Elvis’ Sh*t-Stained Underwear Goes Up For Auction

Elvis Underwear

Sure, you might own all of Elvis’ albums, know all of his songs and have an Elvis-themed wedding, but you are not a true Elvis fan until you have owned his poopoo-stained skivvies. That’s right, you can own a underwear that touched The King’s peanut butter and banana, if you know what I mean.
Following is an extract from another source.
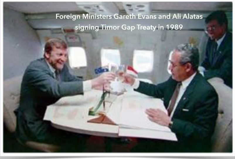
Foreign Ministers Gareth Evans and Ali Alatas signing Timor Gap Treaty in 1989

It would strengthen security and give certainty regarding investment. It would uphold the rights of nations to a defined and internationally accepted sovereignty.

According to the BBC, an auction house in England acquired Elvis’ soiled THUNDERwear (a term I coined to describe underwear that has experienced “butt thunder” of Elvis) from his father, Vernon. The auction is set for September 8, and the article is expected to go for around $15,800. That’s right! For just under $16,000 you can own some of Elvis’ “Burnin’ Love” (from the looks of the picture, it seems he was eating Chipotle while wearing those). And Elvis did die on the toilet, which has to increase the historical value of this artifact.

Elvis Underwear
I hope that some eccentric billionaire bids on Elvis’ tighty whities and then clones him (I’m lookin at you Mikhail Prokhorov). From the picture, it looks like his undies are laced with 35-year-old Elvis’ DNA. All you gotta do is win the briefs, perfect the art of cloning and then bing bang boom, I get to hear “Hound Dog” live. The ball is in your hands, Mikhail, the ball is on your hands.

Other items up for bid at this auction are some home videos and Elvis’ personal Bible that contains his handwritten notes and thoughts. No news on whether those items will also be covered in Elvis’ “Big Hunk o’ Love.”